Beneath this line is the data. Output exactly the lines from the line with "Citrine color earrings" to the line with "Bruttium. Brettii. Didracma.", both ends included, and nothing more.

* _Records_:
* * * * * * * * *
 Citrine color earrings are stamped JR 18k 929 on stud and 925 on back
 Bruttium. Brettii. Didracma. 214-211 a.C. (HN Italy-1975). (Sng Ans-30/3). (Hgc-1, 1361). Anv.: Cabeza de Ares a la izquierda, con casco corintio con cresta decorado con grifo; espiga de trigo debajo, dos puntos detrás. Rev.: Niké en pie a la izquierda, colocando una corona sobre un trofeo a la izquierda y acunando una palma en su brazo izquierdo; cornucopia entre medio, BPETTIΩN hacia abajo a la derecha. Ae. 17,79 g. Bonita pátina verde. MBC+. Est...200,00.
* * * * * * * * *
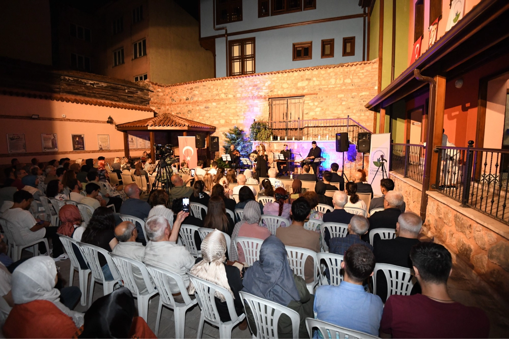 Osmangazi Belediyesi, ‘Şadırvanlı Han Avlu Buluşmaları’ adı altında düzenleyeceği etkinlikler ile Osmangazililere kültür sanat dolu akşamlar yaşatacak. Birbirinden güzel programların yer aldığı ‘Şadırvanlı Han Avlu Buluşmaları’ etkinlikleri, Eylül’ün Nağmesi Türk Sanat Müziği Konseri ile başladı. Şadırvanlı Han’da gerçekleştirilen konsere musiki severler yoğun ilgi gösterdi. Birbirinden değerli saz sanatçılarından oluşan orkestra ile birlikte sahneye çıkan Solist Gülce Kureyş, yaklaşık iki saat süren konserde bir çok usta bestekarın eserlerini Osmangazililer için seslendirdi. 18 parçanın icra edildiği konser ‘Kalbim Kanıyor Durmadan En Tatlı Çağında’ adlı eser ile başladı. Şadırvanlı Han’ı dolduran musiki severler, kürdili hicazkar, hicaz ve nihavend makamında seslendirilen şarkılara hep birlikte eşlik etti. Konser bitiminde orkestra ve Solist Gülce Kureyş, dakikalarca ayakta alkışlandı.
* * * * * * * * *
* _Exercise result_:
 Citrine color earrings are stamped JR 18k 929 on stud and 925 on back
 Bruttium. Brettii. Didracma. 214-211 a.C. (HN Italy-1975). (Sng Ans-30/3). (Hgc-1, 1361). Anv.: Cabeza de Ares a la izquierda, con casco corintio con cresta decorado con grifo; espiga de trigo debajo, dos puntos detrás. Rev.: Niké en pie a la izquierda, colocando una corona sobre un trofeo a la izquierda y acunando una palma en su brazo izquierdo; cornucopia entre medio, BPETTIΩN hacia abajo a la derecha. Ae. 17,79 g. Bonita pátina verde. MBC+. Est...200,00.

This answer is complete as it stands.